Recipe Ingredient
- 500g large prawns
- 1 onion, cut into wedges
- 1 tbsp frozen green peas
- 1 potato, parboiled until cooked and cubed
- 2 tbsp tomato paste
- 3-4 tbsp oil
- 250ml water
- (A)
- 3cm cinnamon stick
- 3 cloves
- 1 stalk lemon grass, smashed
- 1 stalk curry leaves
- Ground spices (B)
- 5 fresh red chillies
- 3 dried red chillies, soaked
- 6 shallots
- 3 cloves garlic
- 2cm knob ginger
- 1 tbsp coriander powder
- 1 tsp cumin powder
- Seasoning
- 1 tsp salt
- 1 tbsp sugar
- 1/2 tsp chicken stock granules
Instructions
- Sprinkle a little salt over the prawns and deep-fry till half-cooked. Set aside.

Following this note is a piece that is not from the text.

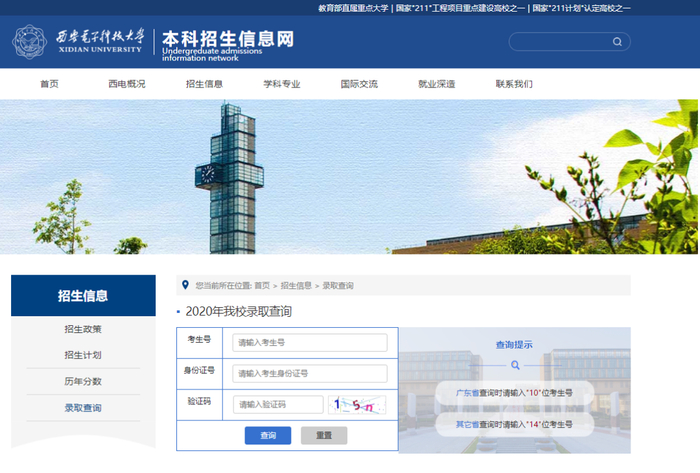 登录西安电子科技大学本科招生信息网

- Heat oil in a wok, add in (A) and ground ingredients (B). Sauté until fragrant. Add onion and tomato paste. Fry for 1-2 minutes. Pour in water and bring to a boil. Reduce the heat and simmer for 2-3 minutes.
- Add potatoes, green peas, prawns and seasoning and cook for an extra minute until gravy is thick. Dish out and serve immediately.